A pele muda com a estação e a rotina devia mudar com ela

Aqui à beira-mar isso nota-se mais. O que serve em agosto costuma ficar curto em janeiro, e ao contrário também.

O mar da Praia da Vieira ao fim da tarde

Uma das perguntas que mais me fazem é quantas vezes por ano é que se deve mudar de rotina. A resposta honesta é que não se muda por calendário, muda-se quando a pele avisa. Só que ela avisa quase sempre nas mesmas alturas do ano, e é por isso que parece calendário.

Quem vive junto ao mar sabe do que estou a falar. Aqui não é só a temperatura que muda, é o vento, o sal e a humidade, e essas três coisas trabalham diretamente na camada mais superficial da pele. Um dia de nortada faz à pele o que faz ao cabelo, e nota-se logo no dia seguinte.

O verão

No verão a pele produz mais sebo e transpira mais, e é fácil confundir o brilho com oleosidade a mais. Muita gente responde a isso lavando mais vezes e usando produtos mais secantes, e o resultado passadas três semanas é uma pele desidratada que continua a brilhar. O brilho não desapareceu, apareceu por outra razão.
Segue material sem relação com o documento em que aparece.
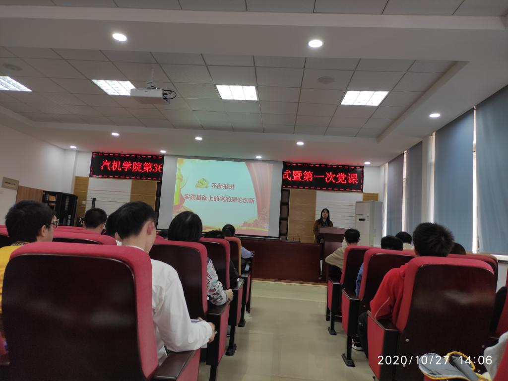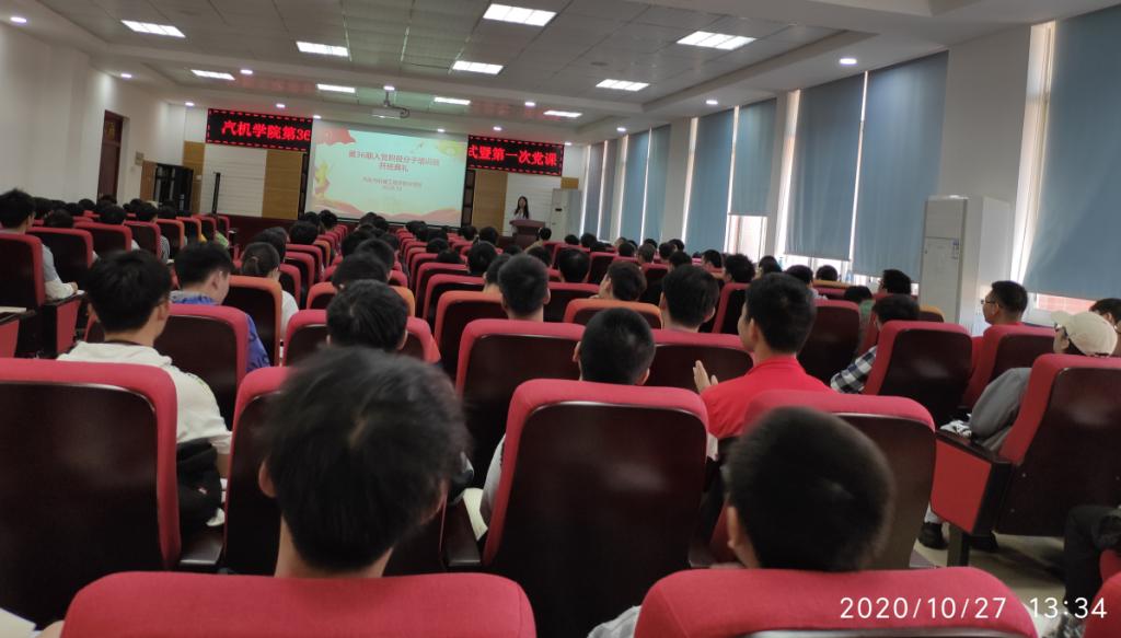 2020年1027日下午,汽车与机械工程学院第36期入党积极分子开班仪式在工一B417顺利举行。党建辅导员王丽丽、学生第四党支部副书记刘志华和本期127名入党积极分子参加仪式。

O que costuma fazer falta no verão é o contrário do que se pensa: texturas mais leves mas não menos hidratação, e proteção solar a sério, reaplicada, não só a de manhã. E depois da praia, uma limpeza suave para tirar o sal e o protetor, porque o sal continua a puxar água da pele muito depois de sair da água.

O outono

O outono é a altura em que aparece mais gente no estúdio, e há uma razão. O verão deixa marca: mais manchas, textura irregular, uma pele que se habituou ao sol e agora está a pagar a fatura. É a estação certa para trabalhar renovação e uniformidade, precisamente porque o sol já está mais fraco e a pele aguenta melhor esse tipo de trabalho.

O inverno

No inverno o problema deixa de ser o sol e passa a ser a água que a pele perde. Ar frio lá fora, aquecimento cá dentro, banhos mais quentes e mais demorados. A parede da pele fica mais permeável e quem já tinha tendência para reagir passa a reagir mais. As peles com rosácea ou com dermatite são as primeiras a dar sinal.
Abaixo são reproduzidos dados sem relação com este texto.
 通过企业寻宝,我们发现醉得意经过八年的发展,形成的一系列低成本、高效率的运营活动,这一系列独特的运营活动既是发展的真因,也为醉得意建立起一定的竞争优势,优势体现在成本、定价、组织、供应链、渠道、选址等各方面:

Aqui o que muda é a textura do que se usa, que passa a ser mais rica, e a temperatura da água, que devia baixar. E convém resistir à tentação de esfoliar para tirar a pele áspera, porque a aspereza no inverno costuma ser falta de água e não excesso de células mortas.

A primavera

A primavera é a estação em que a pele está mais estável e é a melhor altura para introduzir coisas novas, se houver alguma coisa a introduzir. Também é quando volta a fazer sentido pensar em proteção solar todos os dias, se durante o inverno se deixou de lado.

O que fica igual o ano inteiro

Poucas coisas, mas essas não se negoceiam: limpar sem agredir, hidratar de acordo com o que a pele pede naquele mês e proteger do sol. O resto ajusta-se. E se a pele estiver a passar por uma fase de reatividade, seja em que estação for, a regra é sempre a mesma: menos coisas, e dar-lhe tempo.